Primary Responsibility of Audit Firm
Our report on Aramark is unqualified because we find that the company’s financial statements comply with internationally accepted accounting standards. Furthermore, we find that the company’s financial records are free from misstatements. In this regard, we assume responsibility for providing a reasonable assurance that the company’s financial information is free from financial misstatements. We also assume that the financial data documented by Aramark is prepared according to international accounting frameworks. Based on this report, we must assume responsibility for the audit report to Aramark’s shareholders. However, this responsibility is only limited to the duties that were expressly agreed on in the initial audit process.
Demir, V., & Bahadir, O. (2014). An investigation of compliance with international financial reporting standards by listed companies in Turkey. Accounting and Management Information Systems, 13(1), 4–34.

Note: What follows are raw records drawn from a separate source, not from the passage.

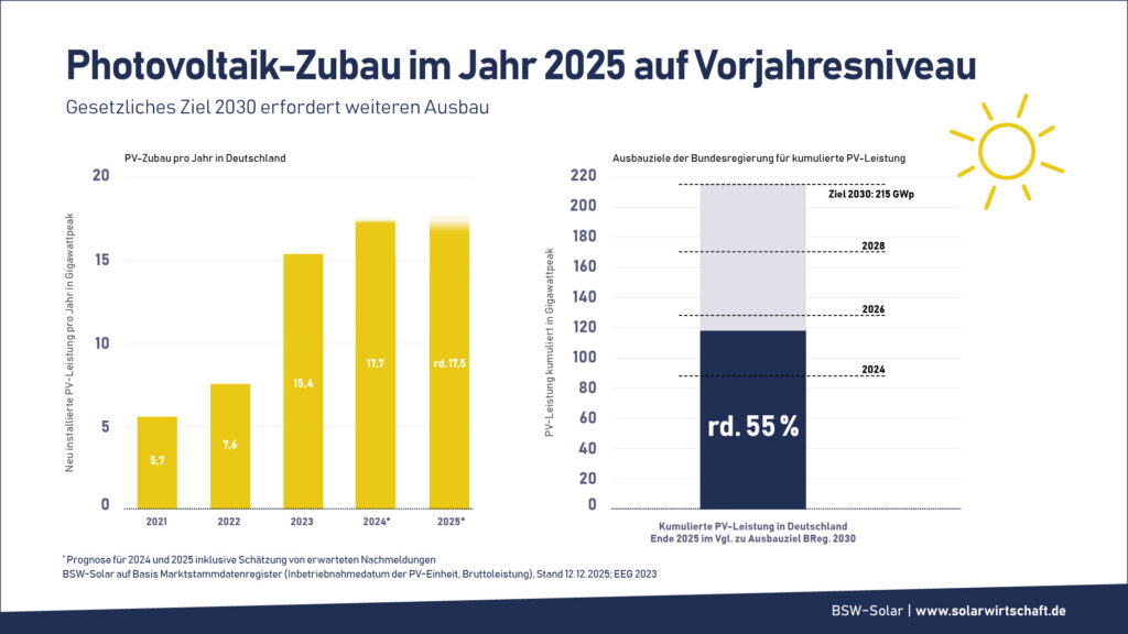 So sei die die Stromerzeugung aus Photovoltaikanlagen zwar deutlich gestiegen, das solare Ausbautempo habe sich aber 2025 entschleunigt. Nach Verbandsangaben wurden vorläufigen Prognosen nach im Jahr 2025 neue Solarstromanlagen mit einer Leistung von rund 17,5 Gigawattpeak (GWp) in Deutschland neu in Betrieb genommen. Die neu installierte Photovoltaikleistung liegt damit in etwa auf Vorjahresniveau (17,7 GWp).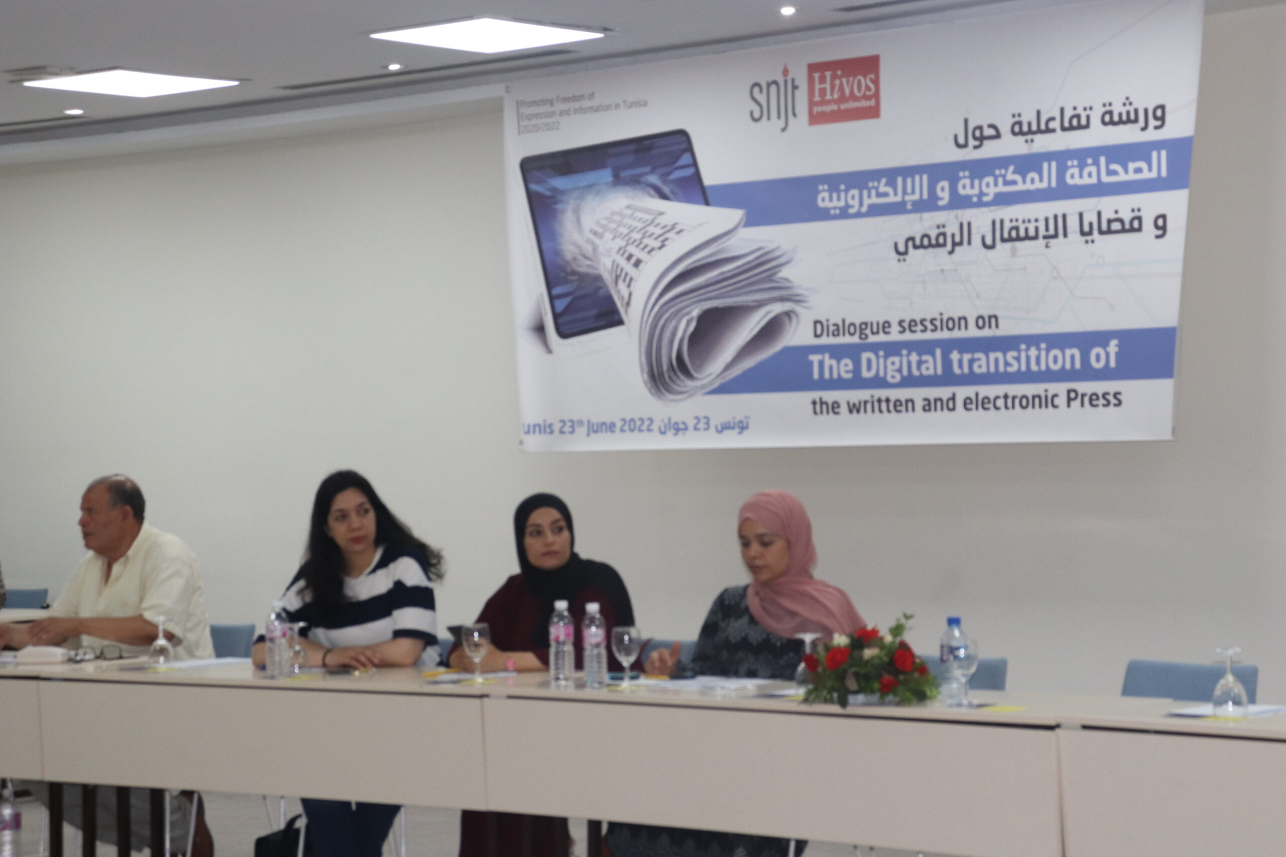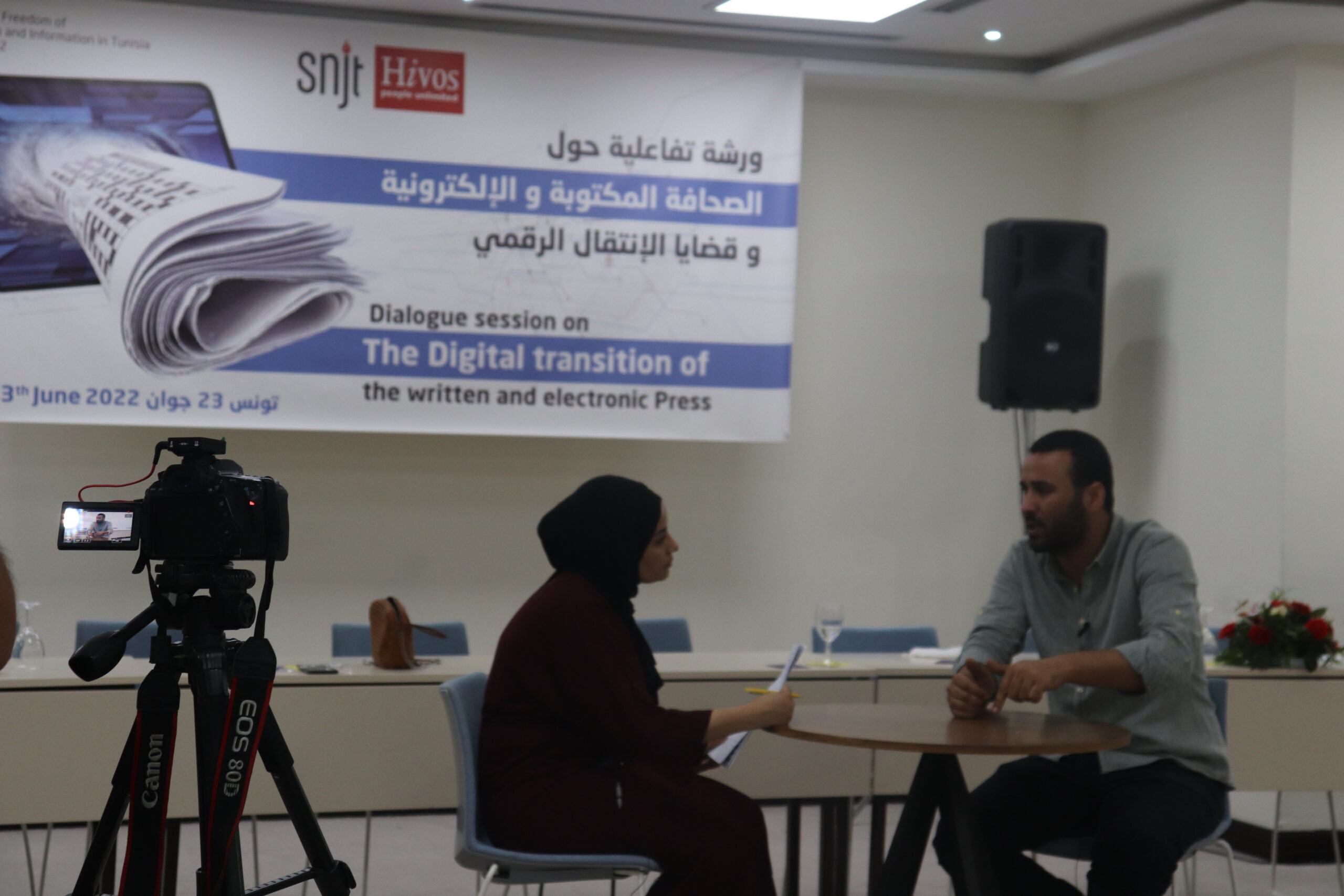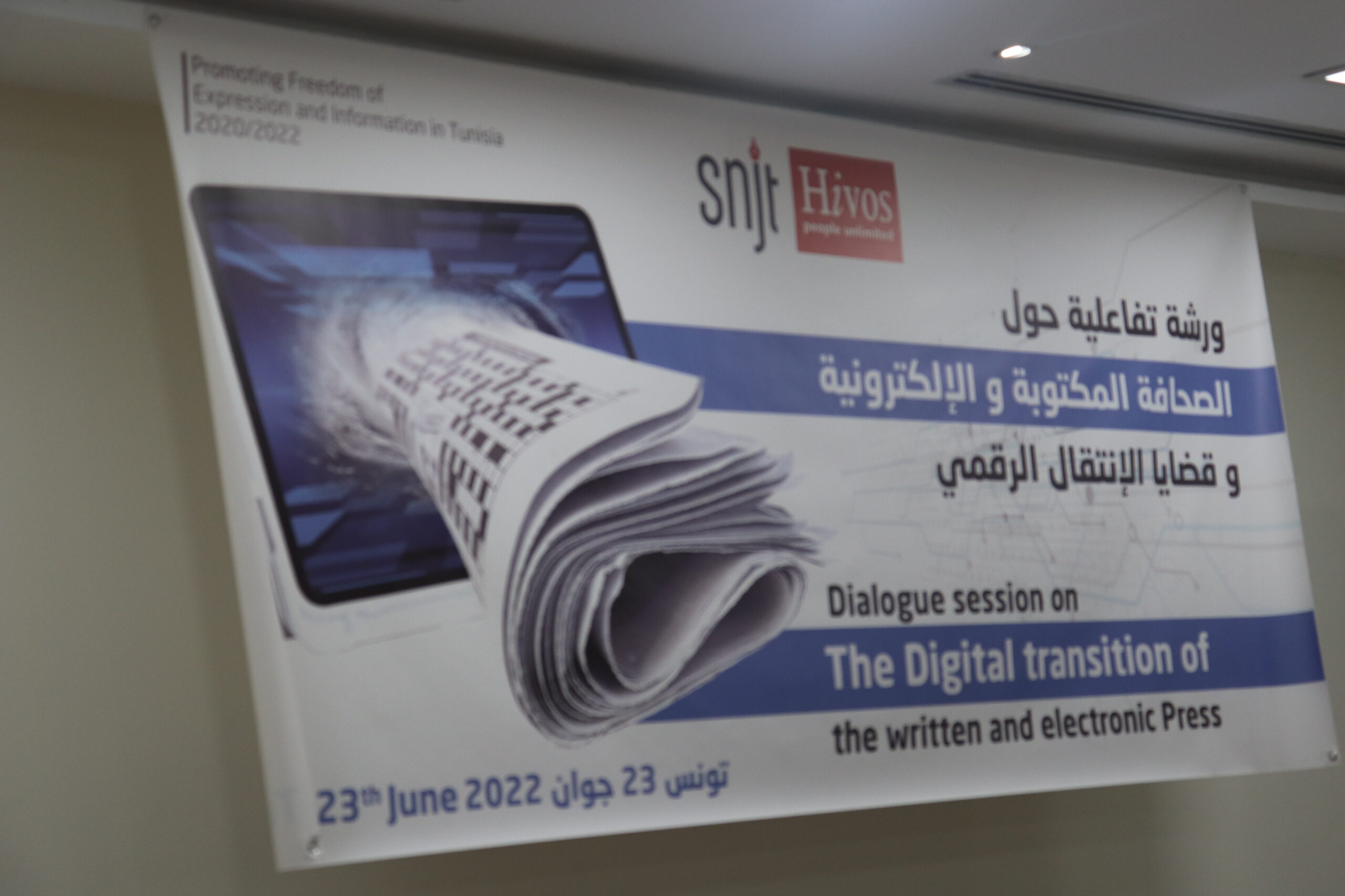 في اطار دعم جهودها في حماية وتنظيم حرية التعبيير والاعلام في هذا المسار الاستثنائي ومتابعة لجملة اللقاءات المتصلة بالأنشطة المتعلقة بمسار التحضير للمؤتمر الوطني للسياسات العمومية، انتظمت يوم 23 جوان 2022 بتونس العاصمة ثاني ورشة عمل تفاعلية حول اشكاليات الانتقال الرقمي للصحافة المكتوبة والالكترونية بمشاركة قرابة 40 صحفي وصحفية وممثلين عن أصحاب المصلحة من هياكل مهنية وأصحاب مؤسسات إعلامية ومنظمة المادة 19 بتأطير من كل من السيد محمد العروسي عن جامعة مديري الصحف والدكتور خليل الجلاصي، باحث في المجال الرقمي للاعلام.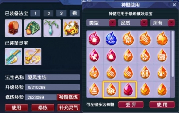 2、玩家能够使用部分神髓来修炼镇妖法宝。斩妖任务对于装备的要求并不严苛,主要依靠获神塔养成来降低任务难度。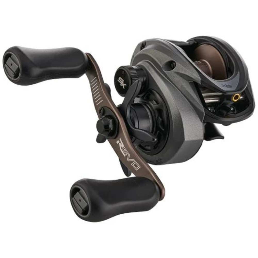 Representing its 5th generation of excellence, the popular Abu Garcia® Revo®5 SX Baitcast Reel has been redesigned for optimal precision, power, and performance. This updated version is built on Abu’s new asymmetrical body design to optimize weight, balance, and ergonomics, and also features the EXD (Extreme Distance) Concept Design which optimizes the path in which line leaves the spool and flows through the line guide, leading to effortless casting. From there, the Revo5 SX offers all the smoothness, torque, and power anglers have come to rely on, with its lightweight X2-Cräfticâ„¢ aluminum alloy frame and C6 Carbon sideplates, rugged Duragearâ„¢ Gen II gearing with D2 Gear Designâ„¢, and advanced IVCB-4 centrifugal brake system. Its 9+1 system incorporates stainless steel ball bearings plus instant anti-reverse, while the super-smooth Power Stack Carbon Matrixâ„¢ drag system provides an impressive 25 lbs. of run-stopping power. 90mm bowed aluminum handle with oversized knobs for crankin’ leverage. For the angler looking for a workhorse baitcaster with plenty of smooth power and nearly limitless braking options, the Revo5 SX offers a great value.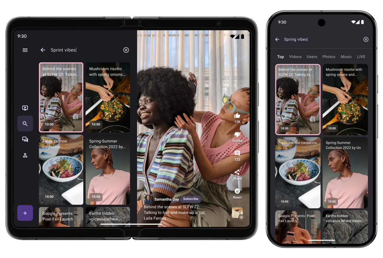 tablet, dan membuat tata letak mode di atas meja pada perangkat foldable untuk panggilan video handsfree.

Gbalam, E., & Ebimobowei, A. (2013). Audit risk assessment and detection of misstatements in annual reports: Empirical evidence from Nigeria. Research Journal of Finance and Accounting, 4(1), 97-109.
Kerr, D. (2013). Fraud-risk factors and audit planning: The effects of auditor rank. Journal of Forensic & Investigative Accounting, 5(2), 48-76.
Modar, A. (2013). Fraud risk factors and audit programme modifications: Evidence from Jordan. Australasian Accounting, Business and Finance Journal, 7(1), 59-77.